Desc                    : Average latency in microseconds for the WAFL filesystem to process all the operations on the

                          volume; not including request processing or network communication time

IsKey                   :

Labels                  :

Name                    : avg_latency

NcController            : 10.61.167.254

PrivilegeLevel          : basic

Properties              : average

TranslationInputCounter :

Type                    :

Unit                    : microsec

IsKeySpecified          : False

With this information, we know that we can calculate the avg_latency value (in microseconds) by reading the values of the avg_latency and total_ops counters twice (separated by some time), then do the calculation:

(avg_latency[1] - avg_latency[0]) / (total_ops[1] - total_ops[0])

Where avg_latency[0] and total_ops[0] are the values from the first reading and avg_latency[1] and total_ops[1] are the values from the second reading.

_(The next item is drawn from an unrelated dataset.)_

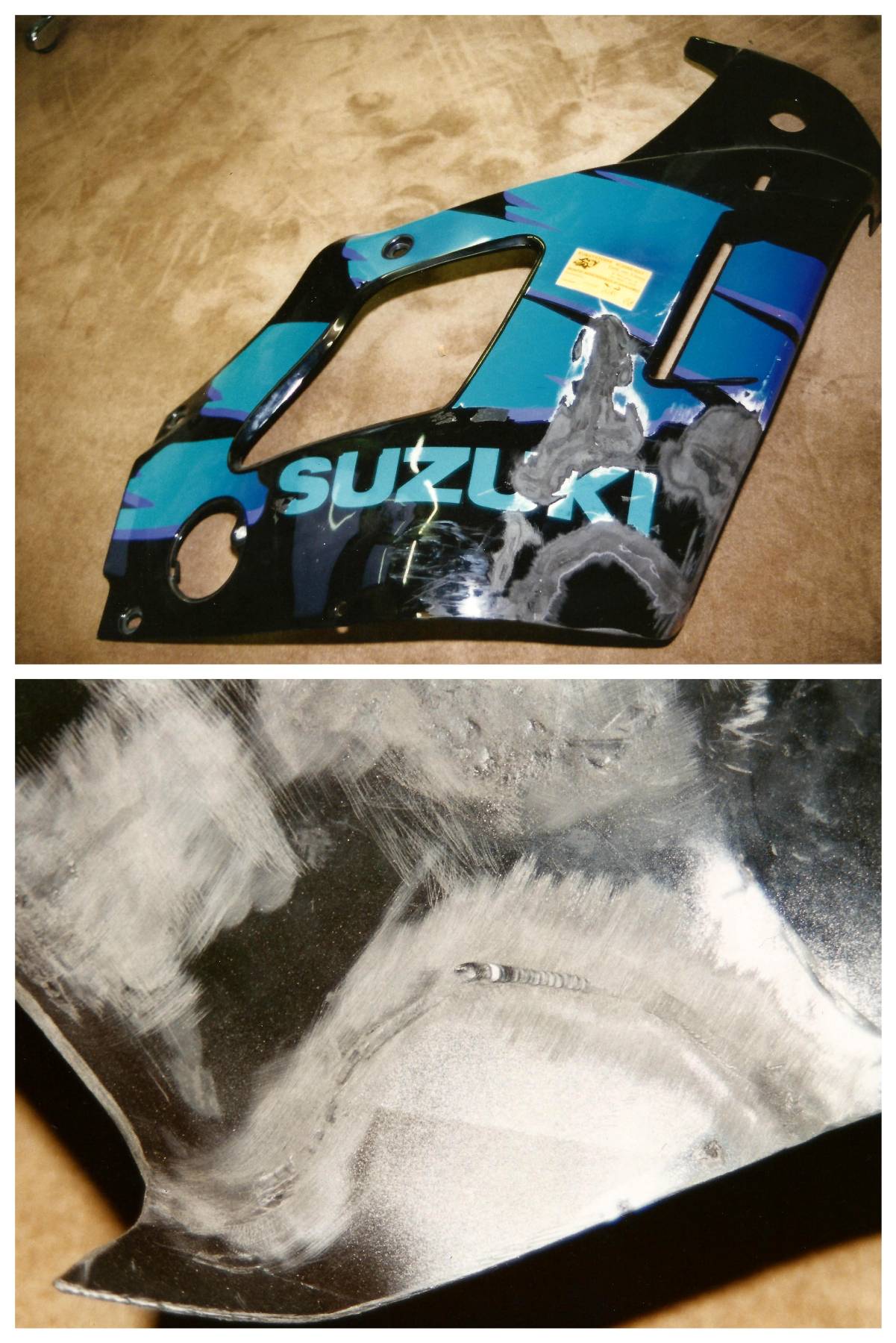 - Teile aus thermoplastischen Materialien ( meistens Verkleidungsteile aus z.B. ABS ) werden durch das Kunststoffschweißverfahren repariert. Hierbei wird ein Schweißstab aus dem gleichen Material verwendet, aus dem das Verkleidungsstück besteht. Nach der Reparatur weist das Bauteil dann die selben Eigenschaften ( Festigkeit oder Flexibilität ) wie ein neues Bauteil auf.

Here is some rough PowerShell code (you can probably clean up pulling the data values from the CounterData):

[3.0] 10.61.167.254> $perfdata1 = Get-NcPerfData -Name volume -InstanceUuid 3e964011-7259-11dc-a5ef-123478563412 -Counter avg_latency, total_ops

(wait a few seconds...)

[3.0] 10.61.167.254> $perfdata2 = Get-NcPerfData -Name volume -InstanceUuid 3e964011-7259-11dc-a5ef-123478563412 -Counter avg_latency, total_ops

[3.0] 10.61.167.254> $avg_latency = @( ($perfdata1.Counters | ? { $_.Name -eq 'avg_latency' }).Value, ($perfdata2.Counters | ? {$_.Name -eq 'avg_latency' } ).Value )

[3.0] 10.61.167.254> $total_ops = @( ($perfdata1.Counters | ? { $_.Name -eq 'total_ops'}).Value, ($perfdata2.Counters | ? {$_.Name -eq 'total_ops'} ).Value )

[3.0] 10.61.167.254> ($avg_latency[1] - $avg_latency[0]) / ($total_ops[1] - $total_ops[0])

48.2258064516129

Also, check out the Invoke-NcSysstat cmdlet which will give you a value for the avg_latency counter in the form of a .NET TimeSpan object:

[3.0] 10.61.167.254> Invoke-NcSysstat -Volume clusterdisks -Count 5 | select Name, TotalLatency

Name                                                        TotalLatency

----                                                        ------------

clusterdisks                                                00:00:00.0001083

clusterdisks                                                00:00:00.0001850

clusterdisks                                                00:00:00.0000703

clusterdisks                                                00:00:00.0000268

clusterdisks                                                00:00:00.0001520

-Steven

Re: Discrepancy in performance data reported by the Powershell Toolkit and DFM. Need urgent help to understand why?

Thanks for the explanation Steven! This works! Appreciate your help!